The new participants span sectors including power, water, healthcare, communications, and hardware, which are industries that were not widely represented in the programme’s initial phase. Many are software vendors and open-source maintainers whose code underpins services used by governments, businesses, and millions of consumers globally.
The expansion comes less than two months after Anthropic granted roughly 50 initial partners access to Claude Mythos Preview, an advanced AI model designed to identify security vulnerabilities in software. According to the company, those organisations have already uncovered more than 10,000 high- and critical-severity flaws in their codebases.
“What each partner has in common is that a successful attack on their codebase could be catastrophic,” Anthropic said in the release. “For most partners, we estimate that a major attack could affect more than 100 million people, with important ramifications for both global and national security.”

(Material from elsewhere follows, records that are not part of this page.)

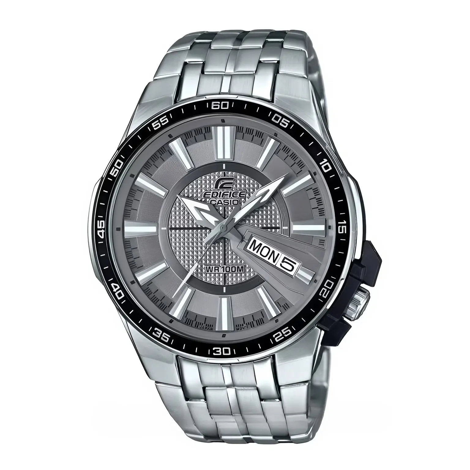 Phần bezel (vòng băm) được thiết kế với các đường nét gờ nổi mạnh mẽ, gợi liên tưởng đến bộ phận cơ khí của những chiếc xe đua công thức 1. Đây là chi tiết đặc trưng giúp dòng Edifice luôn giữ được nét thể thao dù đang khoác lên mình "bộ cánh" công sở lịch thiệp.
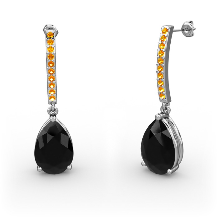 Siyah zirkon ve sitrin 18 ayar beyaz altın küpe
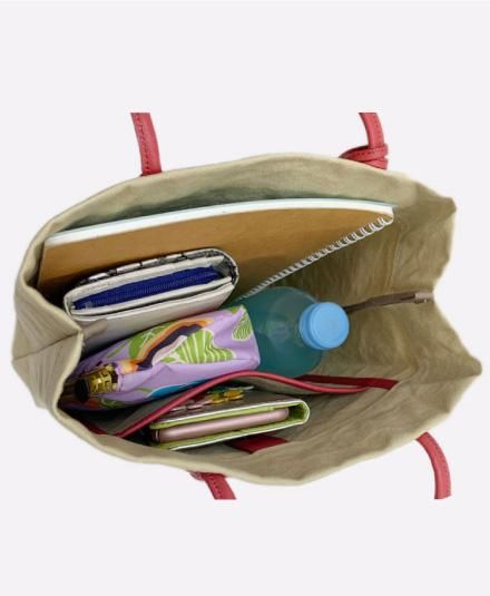 ハンド 小 縦長はマチを開いて整えると、500mlのペットボトル、A5サイズのノート、長財布、ポーチ、スマホ、パスケース、カギといったアイテムが入ります。

Project Glasswing is part of Anthropic’s broader effort to prepare organisations for a future in which increasingly capable AI systems reshape cybersecurity. The company said it expects other AI developers to release models with cyber capabilities comparable to Mythos Preview within the next six to 12 months.
“Cheap, fast AI models with powerful cyber capabilities are around the corner,” Anthropic said. “We want Project Glasswing to spur institutions toward operating norms that reflect this reality.”
The company said participating organisations have already begun using Mythos Preview at scale to scan codebases, identify vulnerabilities and share best practices with other partners and security researchers.
Anthropic said the cybersecurity challenge is increasingly shifting from finding vulnerabilities to verifying, disclosing and patching them quickly.
“As we’ve previously discussed, the bottleneck in cybersecurity is now verifying, disclosing, and patching the large numbers of vulnerabilities that Mythos-class models can surface,” the company said.
Several Project Glasswing participants are already using the model to generate software patches and conduct pre-release security checks aimed at preventing vulnerabilities from reaching production environments. Anthropic added that advanced AI systems can also assist with penetration testing, automated threat detection and response, and modernising legacy software by rewriting it in memory-safe programming languages.
To support broader adoption, the company recently launched Claude Security, a product that uses its latest public AI models to scan software and suggest patches. Anthropic also said it is making some of the tools developed for Project Glasswing available to trusted security teams upon request.
Looking ahead, the company plans to further expand Project Glasswing to additional critical infrastructure operators, open-source software maintainers and safety-testing organisations. It also intends to scale up its Cyber Verification Program, which provides advanced cyber capabilities to organisations for specific defensive use cases.
“We’re working as quickly as we can to safely release Mythos-level capabilities in general access,” Anthropic said. “In the meantime, we plan to expand Project Glasswing even further.”
The company said the initiative is intended to help establish a long-term advantage for defenders as frontier AI systems become increasingly capable and cybersecurity risks evolve alongside them.